У меня было в прошлом году сложное дело, когда столкнулись автобус и кран. Очень было не просто, была агрессия, шум-гам. Но шел процесс, и люди потихоньку успокаивались. Там проблема состояла в том, что владельцем крана был индивидуальный предприниматель. Этот предприниматель, женщина, она не признавала своей вины, говорила, мол, водитель угнал машину без ее разрешения, пусть сам и несет ответственность. Она не присутствовала ни на одном судебном заседании, все время отправляла своего представителя, то есть она не видела, как шел процесс, какая разворачивалась трагедия. Я им предлагал, вы возместите все, что полагается потерпевшим, я даже, говорю, воспользуюсь тем, что я прекращу уголовное дело.
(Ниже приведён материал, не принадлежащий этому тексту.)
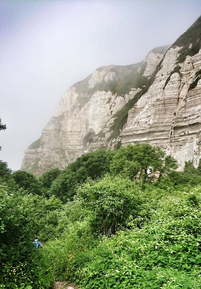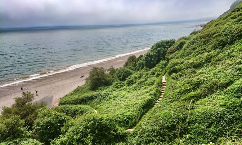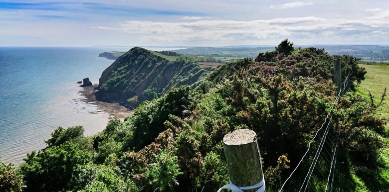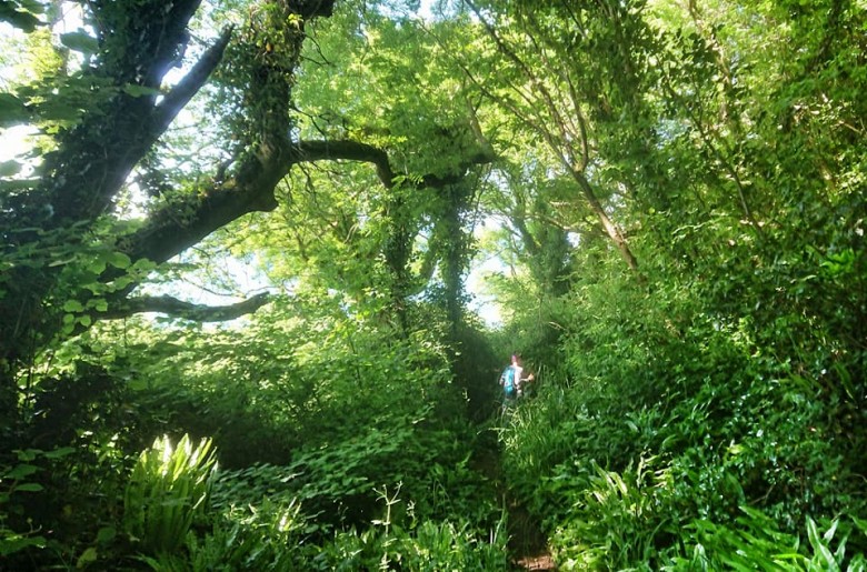 Vi kommer in i det stora område som kallas 'Undercliff', en rasbrant mellan havet och den klipp-platå som är East Devon. Fuktiga vindar och milt klimat ger en undervegetation som för tankarna till regnskog, det är mäktiga träd, blommor och stora taggiga buskar överallt. Stigen klamrar sig fast på bergssidan som för glatta livet, det går än upp än ned och ofta med stora och sneda trappsteg som man lika gärna kunnat ha och mista - men naturen är grandios så det gör inte så mycket.

Не потому, что это мое такое субъективное желание, закон разрешает это. И вот интересно, как со временем сознание людей росло. Владелец крана в конце концов пришла ко мне на стадии исполнения и заявила, что дойдет до Верховного суда. Я ей сказал: пожалуйста, это ваше право, но вы ни разу не пришли на заседание, я же вас просил прийти, вы бы хотя бы посмотрели на людей. И вот то, что произошло потом - такого в моей практике до этого не было. Это была метаморфоза! Владелец крана буквально через день вернулась, расплакалась и сказала: вы знаете, ваша честь, вы правы, я подумала, я им всем выплачу компенсацию, и она выплатила.
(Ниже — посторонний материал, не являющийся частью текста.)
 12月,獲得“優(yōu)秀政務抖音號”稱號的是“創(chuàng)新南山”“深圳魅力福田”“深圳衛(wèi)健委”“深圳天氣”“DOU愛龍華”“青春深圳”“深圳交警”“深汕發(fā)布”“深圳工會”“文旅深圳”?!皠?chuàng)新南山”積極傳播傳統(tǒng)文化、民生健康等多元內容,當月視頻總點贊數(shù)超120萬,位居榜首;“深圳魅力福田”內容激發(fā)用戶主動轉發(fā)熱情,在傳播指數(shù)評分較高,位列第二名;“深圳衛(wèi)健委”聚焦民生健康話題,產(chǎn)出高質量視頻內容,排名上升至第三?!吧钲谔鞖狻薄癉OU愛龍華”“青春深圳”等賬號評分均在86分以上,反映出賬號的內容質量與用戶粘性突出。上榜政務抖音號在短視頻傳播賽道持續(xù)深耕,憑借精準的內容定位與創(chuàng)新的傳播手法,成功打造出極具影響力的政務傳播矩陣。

Вообще в нашей жизни самое трудное - принять решение, а мы - судьи - все время живем в таком режиме, когда надо постоянно решение принимать. Иногда мы процессуальными сроками ограничены, а бывают такие дела, по которым сразу не примешь решение, много что надо выяснить, чтобы решение созрело, чтобы ты мог быть уверен, что вот это правильно. Пока мы дело рассматриваем, время пройдет, на тот резонанс, который был, люди по-другому будут смотреть.
Судья Пазылов надевает мантию и уходит на очередное заседание. Через пару минут участников процесса попросят встать. Мантия, говорит Наби Пазылов, во многом дисциплинирует и окружающих, и его самого обязывает вести себя иначе. Вот такие метаморфозы.